These results suggest tesetaxel plus capecitabine is “a potential new treatment option” for this patient population, said study investigator Joyce O’Shaughnessy, MD, of Baylor University Medical Center and Texas Oncology, both in Dallas.

Dr. Hal Burstein

“This should launch an oral taxane into the clinical space, which will be a nice addition to the toolbox for treating advanced breast cancer, with real upsides for patients,” said Hal Burstein, MD, PhD, of Dana-Farber Cancer Institute and Harvard Medical School, both in Boston, who was not involved in the trial but commented on the results in an interview.

Another commenter was more critical of CONTESSA’s results, which were presented at the 2020 San Antonio Breast Cancer Symposium.

“Three months’ difference in PFS in this setting is meaningless without overall survival [OS] results,” Fatima Cardoso, MD, of Champalimaud Clinical Center in Lisbon, Portugal, said in a question submitted through the virtual meeting’s chat system.

At this point, the OS data are immature, and mature data won’t be available for another couple of years at least, according to the study’s protocol.

Dr. O’Shaughnessy defended the PFS result as being significant, however, saying it was comparable with outcomes seen previously with docetaxel-capecitabine and paclitaxel-gemcitabine combinations.

Other meeting attendees questioned why the waters had been muddied by testing the effects of tesetaxel in combination with capecitabine, albeit at a reduced dose, versus the approved full dose of capecitabine as monotherapy, particularly as a phase 2 trial had shown that tesetaxel demonstrated “significant activity” as monotherapy.

“The reason for the combination versus a monotherapy is because it was designed as a registration trial,” Dr. O’Shaughnessy explained. The trial was designed to be very similar to early taxane studies where docetaxel was assessed with or without capecitabine, or paclitaxel with or without gemcitabine.

“Probably we’re going to be using a doublet for patients who have virulent disease who really need a response,” Dr. O’Shaughnessy explained. She noted that the objective response rate was much higher with the tesetaxel-capecitabine combination than with capecitabine alone, and that result alone is “probably enough that we would utilize a doublet.”

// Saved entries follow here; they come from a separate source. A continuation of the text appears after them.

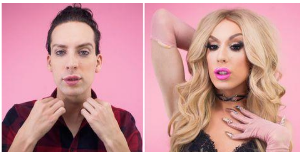
Obrázek 11 – Alaska

Alaska, někdy také Alaska 5000, Alaska Thunderfuck nebo Alaska Thunderfun je americký umělec a finalista 5. řady RuPaul's Drag Race. Věnuje se především hudbě a na kontě má již několik alb. Mimo svého někdy až mimozemského vzhledu se proslavila také tím, že byla 4 roky ve vztahu s jinou Drag queen. Rovněž byla účastnicí RuPaul's Drag Race. Alaska má tři Drag daughters jménem Nevada Thunderfuck, Florida Thunderfuck a Nebraska Thunderfuck (RuPaul's Drag Race Wiki, cit. 2020-03-09).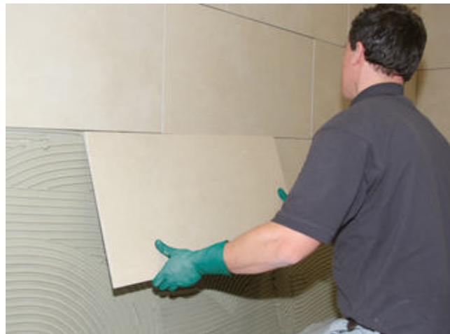
2 Großformatiges Feinsteinzeug einlegen und ausrichten. Fugennetz vor der Erhärtung auskratzen.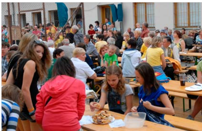
Farní den, 3. 6. 2012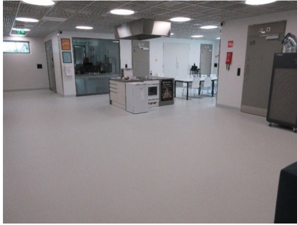
Kuvassa asuinosaston yleisiä oleskelutiloja.

Osastokansliat olivat ns. lasikoppeja, jonne vangeilla on esteetön näkymä. Tarkastuksella saadun tiedon mukaan virkamiehiä on ohjeistettu huomioimaan tietoturvaan ja -suojaan liittyvät seikat (esimerkiksi vankien nähtävillä ei saa olla nimitietoja sisältäviä papereita).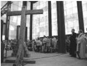
Christuspavillon in Volkenroda

In Volkenroda sind nach langer Zeit des Verfalls Kloster und Dorf wiedererstanden. Seit 1993 lebt in den alten Klostermauern die Jesus Bruderschaft Gnadenthal, eine ökumenische Gemeinschaft. Seit 2001 steht dort der Christuspavillon, das Wahrzeichen der christlichen Kirchen auf der EXPO 2000 in Hannover.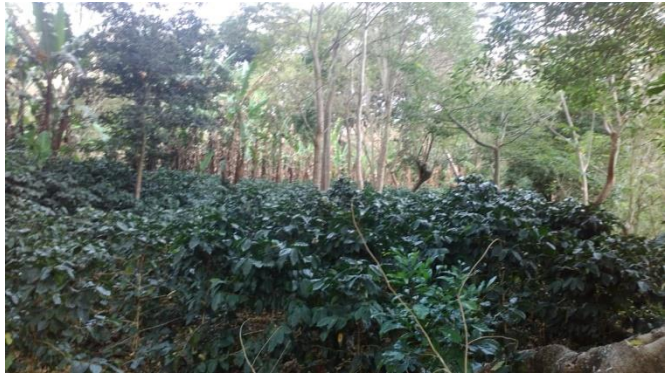
Fuente: Propia, Plantíos de café de los socios de la Cooperativa en la Comunidad el Jocote.

The key thing is that it now gives patients an all-oral option, Dr. O’Shaughnessy said.

“The data are exciting because it would be terrific to have an orally available taxane chemotherapy,” agreed Dr. Burstein. “It is far more convenient for patients and opens access globally in places that do not have adequate resources for administration of IV therapeutics. Also, the data suggest that tesetaxel has a different side effect profile than IV taxane, with less neuropathy and less alopecia.”

 

Trial design

CONTESSA is an ongoing randomized, controlled trial that started in 2017 and is projected to end in early 2023. It is investigating the use of tesetaxel plus a reduced dose of capecitabine versus the approved dose of capecitabine alone in 685 women with hormone receptor–positive, HER2-negative locally advanced or metastatic breast cancer who had previously been treated with a taxane.

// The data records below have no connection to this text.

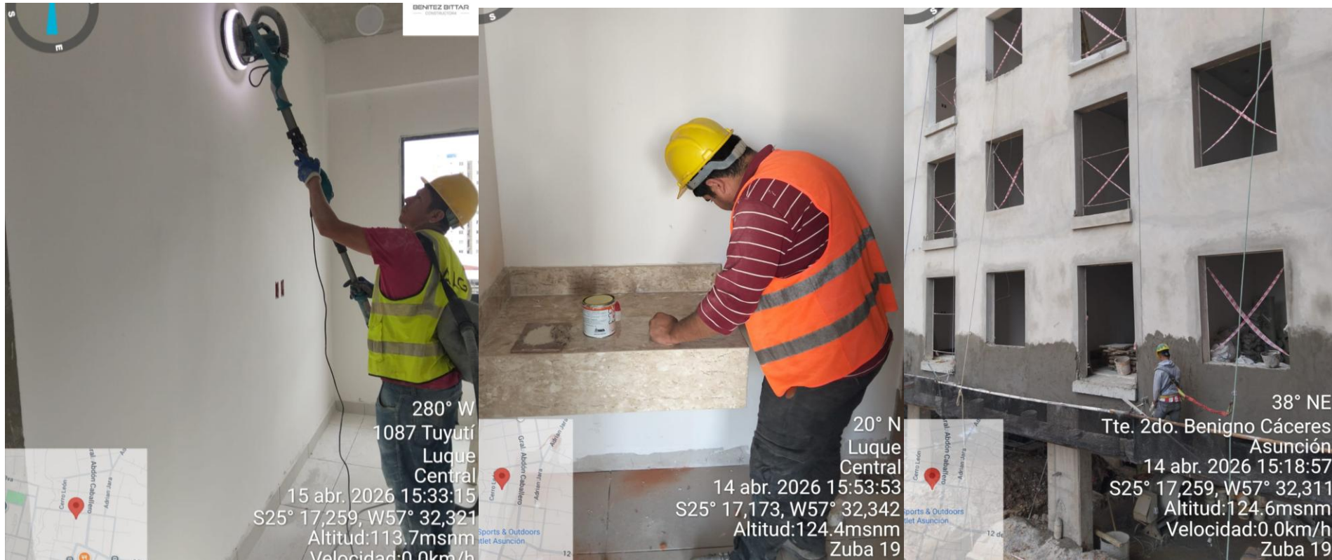
Lijado y sellado de paredes – Colocación de mesadas en baños – Revoque en fachada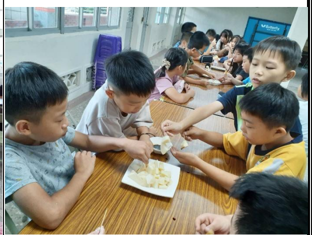
活動說明：品嚐現挖的竹筍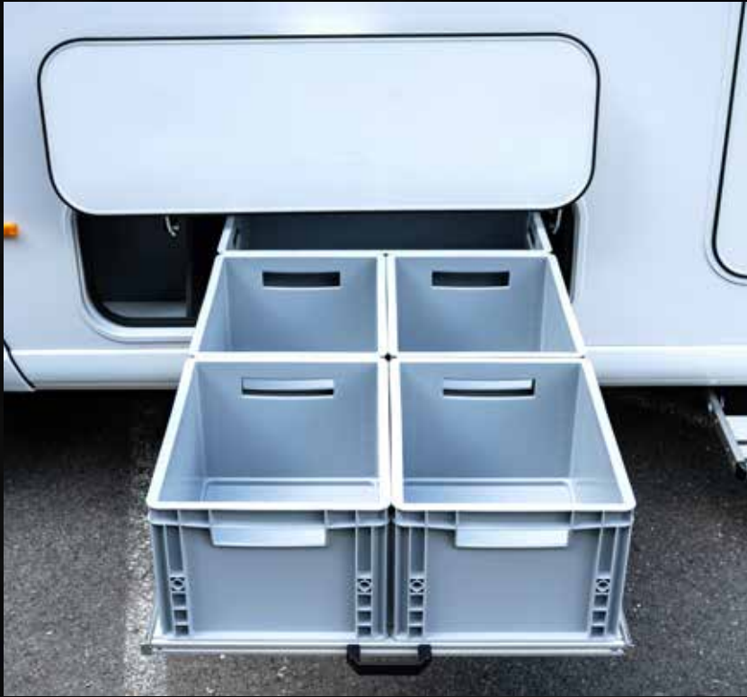
Highlight: großes, durchgängiges Stauraumfach – optional mit Touch-Öffnung und Auszugssystem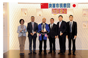
平成27年10月 济源市視察団来訪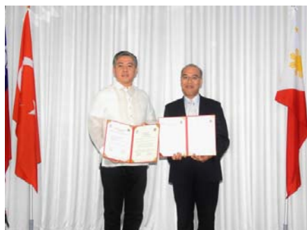
圖 11 鹽埕區與菲律賓第波羅市締盟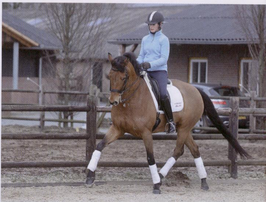
Tempowisselingen ook in zijgangen. Op de foto verruiming in schouder binnenwaarts.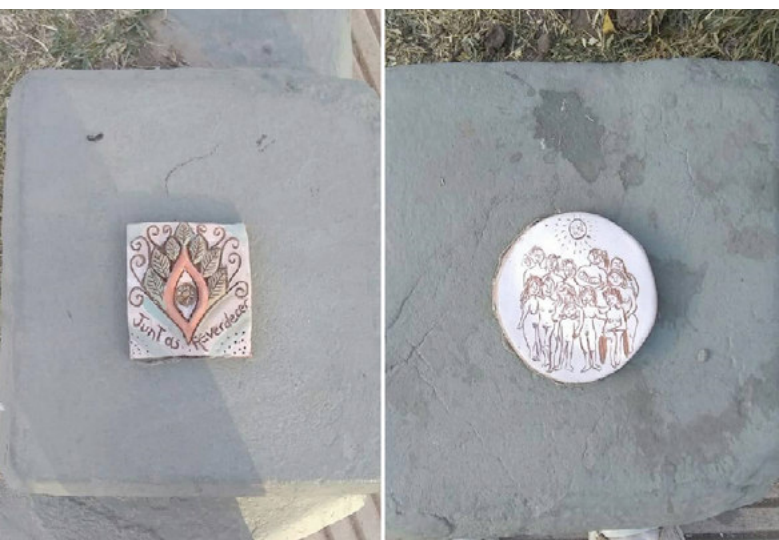
Imágenes 8 y 9: (2020, octubre). Placas cerámicas. Cosquín, Argentina. Técnica cerámica. Fotografía de las intervenciones del 12/10/2020 en la Plaza San Martín.

de barro” 26 . La puesta del cuerpo se presenta, en las formas propias en que se sostiene en el valle, a través de procesos de construcción familiar como práctica colaborativa, como estrategia y alternativa económica (ante propuestas inmobiliarias y de solución de hábitat de alto impacto ecológico) de sectores sociales que se mantienen a través de proyectos cooperativos, artísticos e independientes. Desde múltiples situaciones se promueven, a través de las interacciones y yuxtaposiciones de sentido que habilita el uso variado de un material en un contexto específico, discursivas políticas y propuestas contrahegemónicas ante los estragos del poder y el capital en los contextos serranos. Se habilita, desde variadas posiciones, un sentido del territorio como “parte”, no como usufructo o “paisaje” de fondo donde se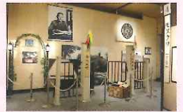
展示の様子(写真はイメージ)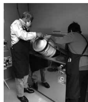
微生物の力で生ごみを発酵

この補助金を活用し、清明地区では、ごみの減量や資源循環に取り組む(特非)せいめい夢ファーム会が、住民・事業者・行政などさまざまな関係者とのパートナーシップを拡大し、新たに「生ごみ処理機」を導入しました。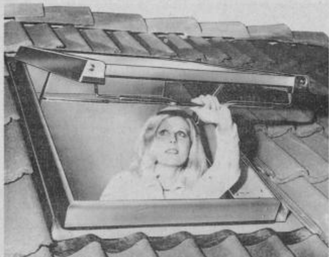
p u r a l stanovanjsko strešno okno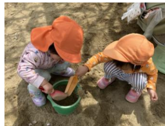
♡ 砂遊び ♡

Being intrinsically orally bioavailable and more soluble than the other taxanes means that tesetaxel has a much longer half-life that allows for a “more convenient treatment experience for patients,” Dr. O’Shaughnessy observed.

Indeed, because tesetaxel only needs to be dosed once every 3 weeks, patients in the trial received tesetaxel at 27 mg/m2 only on the first day of a 21-day treatment cycle. This was combined with a reduced, 825-mg/m2 dose of capecitabine, given orally twice-daily on days 2-14 but once daily on the evening of day 1 and on the morning of day 15.

The combination regimen was compared with the recommended full dose of capecitabine alone, 1,250 mg/m2 given orally twice daily on days 2-14 but once daily on the evening of day 1 and on the morning of day 15.
 

Efficacy and safety

PFS was 9.8 months with tesetaxel plus capecitabine and 6.9 months with capecitabine alone, representing a 2.9-month improvement with the combination (hazard ratio, 0.716; P = .003).

A similar PFS benefit was seen regardless of multiple predefined subgroups, such as age, baseline performance status, duration of disease-free interval before study entry, and the use of CDK4/6 inhibitors.

The objective response rate was 57% with tesetaxel plus capecitabine and 41% with capecitabine alone (P = .0002). The 24-week disease control rate was 67% and 50%, respectively (P < .0001).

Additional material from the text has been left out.